# Airport Extreme adding a switch to add 2 wired desktops



## dogma420 (Oct 31, 2008)

Hello, first post, thank you in advance for any help.

I have a customer, that has a cable modem going into an Airport Extreme, that has multiple wireless Mac notebooks attaching to it, and 1 Windows XP desktop, connected to the single output cat5 network port that comes out of the Airport.

The customer wants to add another desktop, and the solution would look to be to add an 8 port switch and have a cat5 cable go from the Airport into port 1 on the switch, and then have each desktop plug into the switch, ports 2 and 3.

When I did this, I don't get IP addresses for each computer through the switch. When only one computer is attached, it can get an IP address.

I have not cycled power on the Airport--when I go back there (after double checking sources, such as this...) should I cycle power? Does the Airport require this when changing from a single computer wired through that port, versus having multiple computers wired to it?

-The switch is a simple D-Link DES-1108, that is automatic for standard or crossover cables detection, automatic on 10/100 speed. No uplink or 1 port for router needed...I'm going to try different ports when i go back if needed.

-Customer has an Airport utility installed on his Mac Portable...I was able to look at settings for it, DHCP is enabled, and the desktop's IP address is in that range of the Airport's scope of DHCP, so it appears to be given ip's through the cable output (the single wire)...

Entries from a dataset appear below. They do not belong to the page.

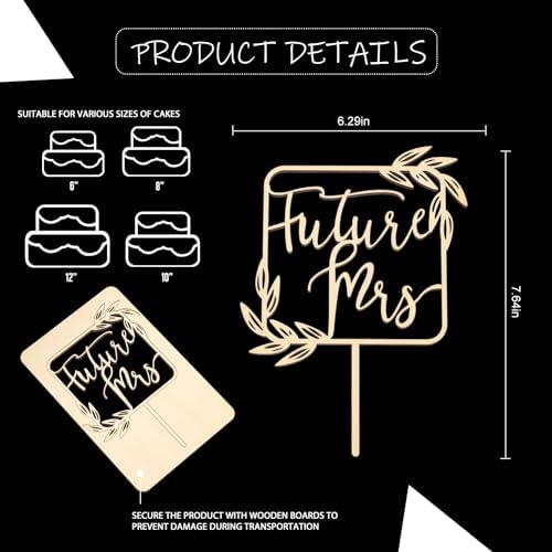 PRODUCT INFORMATION-” Future Mrs” Cake Topper that will be a great addition to your party. The natural bridal shower cake topper will create a warm and natural party atmosphere, perfect for wedding engagement theme party, bridal shower theme party. your cake will be look beautiful and elegant.-Suitable for many occasions : Bridal Shower Decor, Bridal Cake Topper, Future Mrs, Wedding Cake Topper, Bachelorette Party Decor, perfect for decorating cupcake cake dessert or other pastry.and you can also use them for ice cream, fruits, and other desserts.-PACKAGING and Material:High quality wood.Made of high quality eco-friendly wood products,not easy to deform and fade,smooth edges without burrs. ABOUT PRODUCT ATTRIBUTES AND DIMENSIONS-Size: Approx. 6.0 x9.2 inches, perfect for cakes various sizes .It can be used directly on the cake.you can adjust the inserting depth of it to adjust the height of cake topper.-Tips:This is not edible, only for decorate, please do not use it in the oven or microwave.WE ARE HAPPY TO CUSTOM DESIGN ANYTHING YOU NEED.If you have any questions or suggestions, PLEASE SEND US A MESSAGE!we will try best to serve you. We’d be super excited if you shared some happy photos with us in the comments!
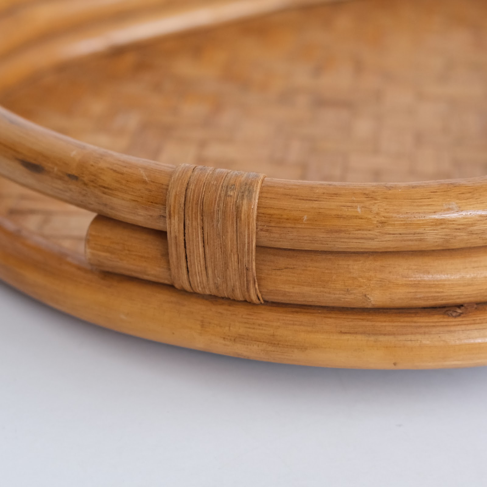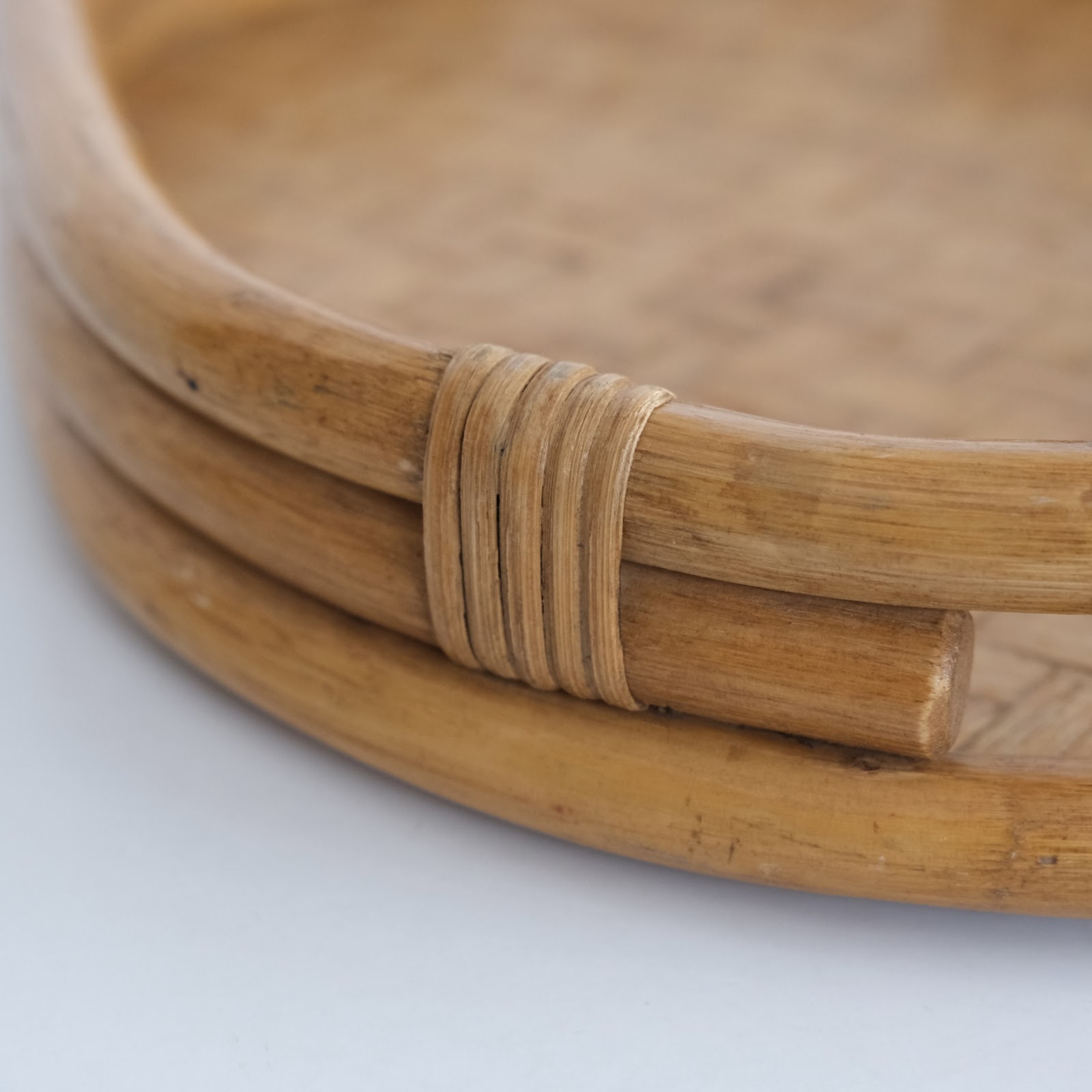 底部には籠などで見かけるような編まれたものが使われており、側面の曲げ木にラタンと思われる素材が巻き付けられています。
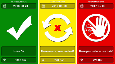 W ramach wszystkich opisanych stanów wskazywane jest ciśnienie robocze w wężu, tak aby nie było wątpliwości. Aplikacja pozwala szybciej podejmować jasne decyzje w zakresie bezpieczeństwa i umożliwia stały dostęp do najnowszych informacji. Wszystko, czego potrzeba, to nasz zestaw węża hydraulicznego ultrawysokiego ciśnienia z etykietą CiS, telefon komórkowy i/lub oprogramowanie.
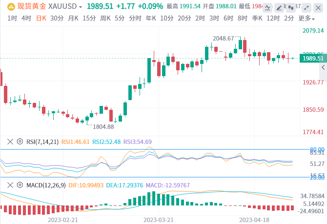 周四(4月27日),美国公布一季度国内生产总值(GDP)数据大幅低于预期,但一季度核心PCE走高,支持美联储5月继续加息。为此,现货黄金下跌逾11美元至1986.44美元/盎司收盘,盘中也一度低落逼近近期的强支撑水位1970美元。
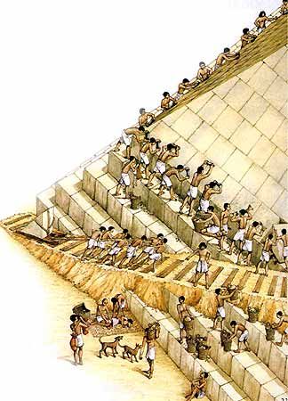៣. ប្រាសាទពីរ៉ាមីត ត្រូវបានគេជឿថាសាងសង់ពីដុំថ្មធំៗ ប្រមាណជាង ២លានដុំ ដែលអាចមានទម្ងន់ប្រហែលពី ២ ទៅ ៥០ តោន។ គេប៉ាន់ស្មានថាប្រហែលជាមានមនុស្សប្រមាណជាង ១០០ ០០០ នាក់ ដែលជាអ្នកសាងសង់ បើទោះជាគេមិនទាន់ដឹងថាតើមនុស្សជំនាន់នោះ ប្រើប្រាស់វិធីសាស្រ្តណាដើម្បីសាងសង់ក៏ដោយ។

What is the correct procedure to get this setup to operate? Is it as easy as cycling the power when the switch is on, and 2 desktops are attached and the Airport is attached to it as well?

Any help is appreciated,

Dawg


----------



## Mississauga (Oct 27, 2001)

If I remember correctly, I powered EVERYTHING down before adding my D-Link switch to my Airport network. Once powered up, all was as expected.


----------



## TrevX (May 10, 2005)

Umm, Do you mean Airport EXPRESS and not Airport Extreme? Airport Extreme Base Stations have 4 wired ports (in addition to the WAN port). A switch would not be necessary here.


----------



## Mississauga (Oct 27, 2001)

TrevX said:


> Umm, Do you mean Airport EXPRESS and not Airport Extreme? Airport Extreme Base Stations have 4 wired ports (in addition to the WAN port).


Older models differ.


----------



## TrevX (May 10, 2005)

Mississauga said:


> Older models differ.


Doh, thanks for the clarification!


----------



## dogma420 (Oct 31, 2008)

Thanks all, I am going back there today...I will repost to close this thread for future inquiries afterwards.

I will try the recycling power and see if that fixes it.


----------



## Billionairess (Jul 15, 2003)

I would put the switch before the Airport Extreme Base Station. I used to have my configuration like that and it worked fine until I didn't need the switch anymore and took it out.


----------



## dogma420 (Oct 31, 2008)

Yes, recycling the power on the Airport Extreme fixed this problem, and afterwards, it was able to handle giving out multiple IPs to the 2 windows machines attached to the d-link switch...This was usng standard cat5 cables all around.

I guess I need to 'think different'...

Thanks all, and in the future, I will definitely be back for my Apple questions.

Thanks everyone!!!!

;-)

Dave


----------